Source material:

———

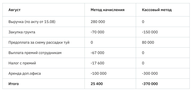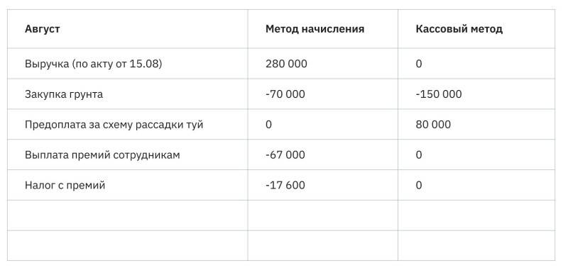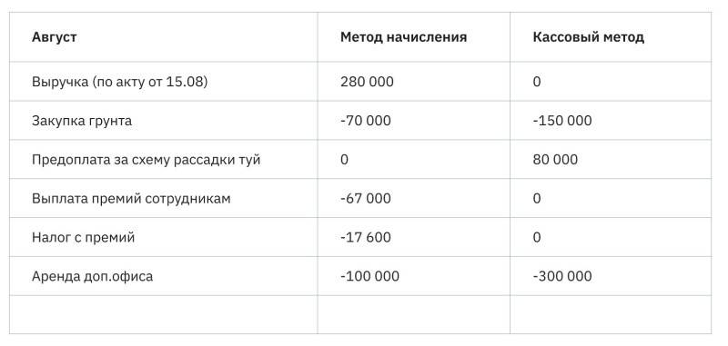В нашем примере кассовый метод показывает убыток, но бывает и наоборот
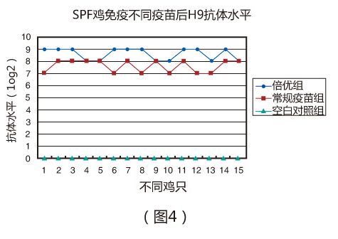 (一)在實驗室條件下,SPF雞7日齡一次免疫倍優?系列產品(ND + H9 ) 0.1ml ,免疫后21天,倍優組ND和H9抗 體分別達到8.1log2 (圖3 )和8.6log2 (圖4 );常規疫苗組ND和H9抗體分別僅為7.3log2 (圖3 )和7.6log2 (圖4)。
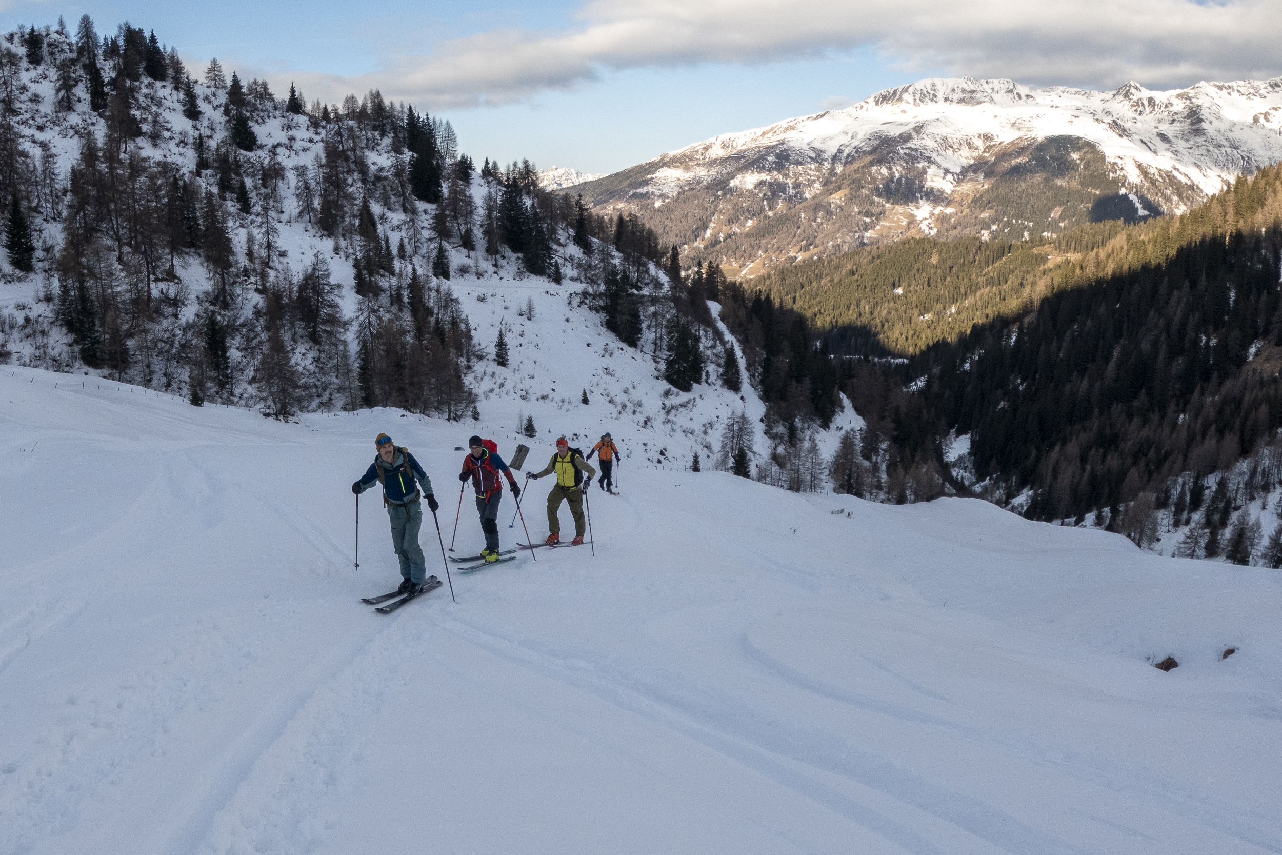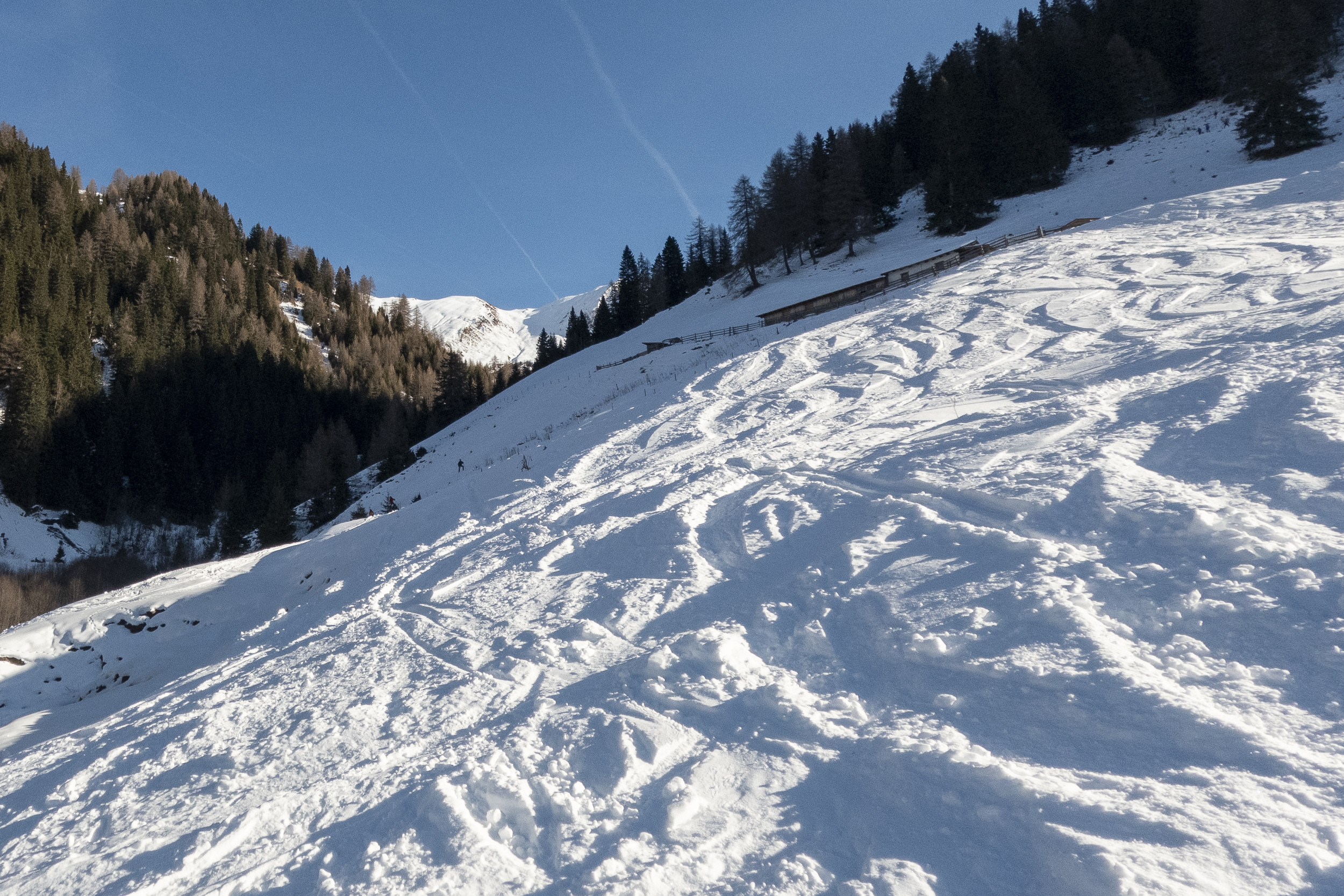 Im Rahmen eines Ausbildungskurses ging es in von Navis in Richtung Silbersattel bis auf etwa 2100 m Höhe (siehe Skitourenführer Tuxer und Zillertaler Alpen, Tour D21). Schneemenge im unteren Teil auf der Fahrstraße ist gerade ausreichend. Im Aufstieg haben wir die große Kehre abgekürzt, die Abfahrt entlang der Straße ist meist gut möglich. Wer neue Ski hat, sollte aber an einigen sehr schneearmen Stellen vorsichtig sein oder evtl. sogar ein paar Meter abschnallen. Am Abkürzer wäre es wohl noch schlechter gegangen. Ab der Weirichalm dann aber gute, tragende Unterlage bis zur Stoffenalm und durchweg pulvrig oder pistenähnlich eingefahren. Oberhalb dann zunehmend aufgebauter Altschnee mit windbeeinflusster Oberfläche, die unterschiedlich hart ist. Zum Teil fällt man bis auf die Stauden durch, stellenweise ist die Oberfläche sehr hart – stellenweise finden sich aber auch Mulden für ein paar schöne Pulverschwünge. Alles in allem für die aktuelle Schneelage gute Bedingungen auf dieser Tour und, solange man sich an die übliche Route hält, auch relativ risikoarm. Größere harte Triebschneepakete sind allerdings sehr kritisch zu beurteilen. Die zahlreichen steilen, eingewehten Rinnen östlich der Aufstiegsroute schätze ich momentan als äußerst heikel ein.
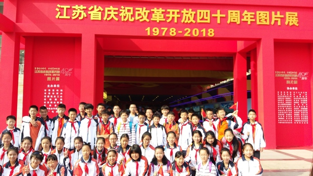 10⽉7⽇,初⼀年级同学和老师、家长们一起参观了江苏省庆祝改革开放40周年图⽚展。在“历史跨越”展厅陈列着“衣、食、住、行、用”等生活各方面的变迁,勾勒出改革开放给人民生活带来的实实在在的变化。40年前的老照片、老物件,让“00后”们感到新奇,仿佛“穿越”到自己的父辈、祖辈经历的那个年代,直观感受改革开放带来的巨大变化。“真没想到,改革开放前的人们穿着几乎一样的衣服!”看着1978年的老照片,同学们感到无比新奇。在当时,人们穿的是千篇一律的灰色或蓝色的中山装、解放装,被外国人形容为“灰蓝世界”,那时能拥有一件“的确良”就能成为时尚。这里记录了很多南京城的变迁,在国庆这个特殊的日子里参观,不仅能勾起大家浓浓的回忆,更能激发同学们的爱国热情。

———

Set the whole listing down again unchanged, apart from the pictures, which are omitted.

В нашем примере кассовый метод показывает убыток, но бывает и наоборот
 (一)在實驗室條件下,SPF雞7日齡一次免疫倍優?系列產品(ND + H9 ) 0.1ml ,免疫后21天,倍優組ND和H9抗 體分別達到8.1log2 (圖3 )和8.6log2 (圖4 );常規疫苗組ND和H9抗體分別僅為7.3log2 (圖3 )和7.6log2 (圖4)。
 Im Rahmen eines Ausbildungskurses ging es in von Navis in Richtung Silbersattel bis auf etwa 2100 m Höhe (siehe Skitourenführer Tuxer und Zillertaler Alpen, Tour D21). Schneemenge im unteren Teil auf der Fahrstraße ist gerade ausreichend. Im Aufstieg haben wir die große Kehre abgekürzt, die Abfahrt entlang der Straße ist meist gut möglich. Wer neue Ski hat, sollte aber an einigen sehr schneearmen Stellen vorsichtig sein oder evtl. sogar ein paar Meter abschnallen. Am Abkürzer wäre es wohl noch schlechter gegangen. Ab der Weirichalm dann aber gute, tragende Unterlage bis zur Stoffenalm und durchweg pulvrig oder pistenähnlich eingefahren. Oberhalb dann zunehmend aufgebauter Altschnee mit windbeeinflusster Oberfläche, die unterschiedlich hart ist. Zum Teil fällt man bis auf die Stauden durch, stellenweise ist die Oberfläche sehr hart – stellenweise finden sich aber auch Mulden für ein paar schöne Pulverschwünge. Alles in allem für die aktuelle Schneelage gute Bedingungen auf dieser Tour und, solange man sich an die übliche Route hält, auch relativ risikoarm. Größere harte Triebschneepakete sind allerdings sehr kritisch zu beurteilen. Die zahlreichen steilen, eingewehten Rinnen östlich der Aufstiegsroute schätze ich momentan als äußerst heikel ein.
 10⽉7⽇,初⼀年级同学和老师、家长们一起参观了江苏省庆祝改革开放40周年图⽚展。在“历史跨越”展厅陈列着“衣、食、住、行、用”等生活各方面的变迁,勾勒出改革开放给人民生活带来的实实在在的变化。40年前的老照片、老物件,让“00后”们感到新奇,仿佛“穿越”到自己的父辈、祖辈经历的那个年代,直观感受改革开放带来的巨大变化。“真没想到,改革开放前的人们穿着几乎一样的衣服!”看着1978年的老照片,同学们感到无比新奇。在当时,人们穿的是千篇一律的灰色或蓝色的中山装、解放装,被外国人形容为“灰蓝世界”,那时能拥有一件“的确良”就能成为时尚。这里记录了很多南京城的变迁,在国庆这个特殊的日子里参观,不仅能勾起大家浓浓的回忆,更能激发同学们的爱国热情。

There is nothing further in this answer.